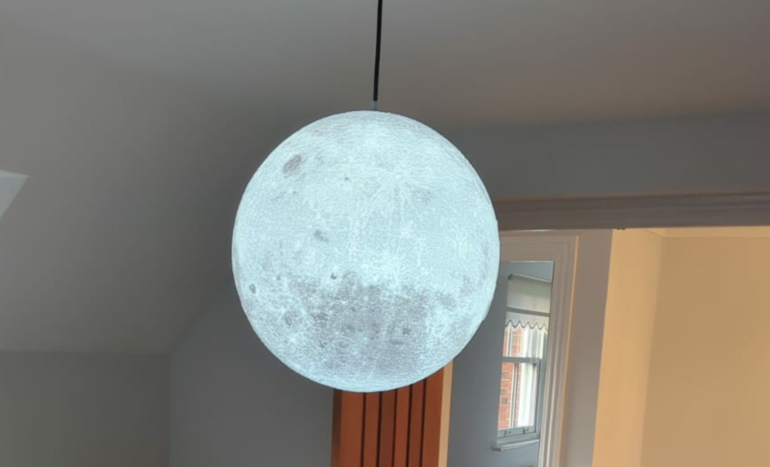 The Everyone’s Moon Light can be connected up like any normal ceiling pendant light, Featuring an amazingly detailed and life-like NASA imagery of the Lunar surface using 3D
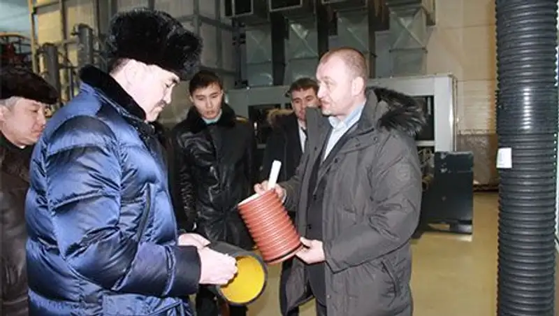 Посетил градоначальник и ряд предприятий поддержанных государством в рамках программы форсированного индустриально-инновационного развития. Одно из таких ТОО «Казпласт», компания производит крупногабаритные полиэтиленовые изделия. В прошлом году здесь запустили линию по производству гофрированных двухслойных полипропиленовых труб для наружной канализации. Мейраму Смагулову показали и единственную в Караганде испытательную лабораторию. После того как лабораторию аттестуют и сертифицируют здесь будет производиться контрольная проверка продукции. В случае соответствия норме всех параметров выдается документ, подтверждающий качество и только затем трубы отправятся потребителю.
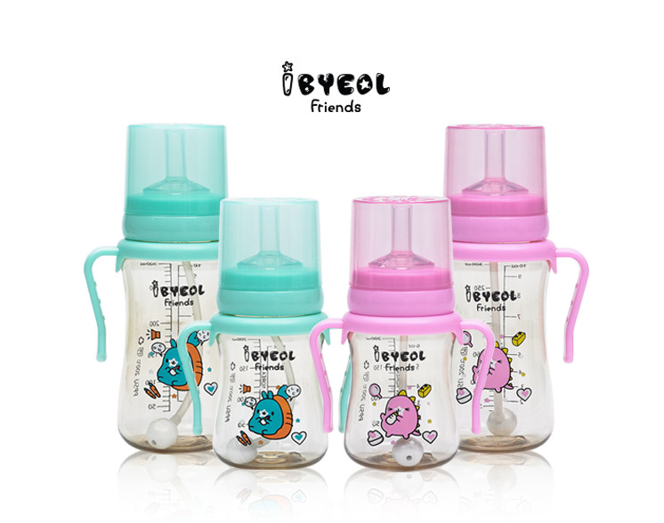 Bình ống hút tập uống cho bé IBYEOL Friends PPSU chính hãng Hàn Quốc 200ml/300ml Dòng bình ống hút từ Hàn Quốc với thiết kế đơn giản, tinh tế, dáng cổ rộng đem đến sự

◆ ◆ ◆ ◆ ◆ ◆ ◆

The whole listing above must be duplicated word for word, apart from its pictures.

- Response box:
 The Everyone’s Moon Light can be connected up like any normal ceiling pendant light, Featuring an amazingly detailed and life-like NASA imagery of the Lunar surface using 3D
 Посетил градоначальник и ряд предприятий поддержанных государством в рамках программы форсированного индустриально-инновационного развития. Одно из таких ТОО «Казпласт», компания производит крупногабаритные полиэтиленовые изделия. В прошлом году здесь запустили линию по производству гофрированных двухслойных полипропиленовых труб для наружной канализации. Мейраму Смагулову показали и единственную в Караганде испытательную лабораторию. После того как лабораторию аттестуют и сертифицируют здесь будет производиться контрольная проверка продукции. В случае соответствия норме всех параметров выдается документ, подтверждающий качество и только затем трубы отправятся потребителю.
 Bình ống hút tập uống cho bé IBYEOL Friends PPSU chính hãng Hàn Quốc 200ml/300ml Dòng bình ống hút từ Hàn Quốc với thiết kế đơn giản, tinh tế, dáng cổ rộng đem đến sự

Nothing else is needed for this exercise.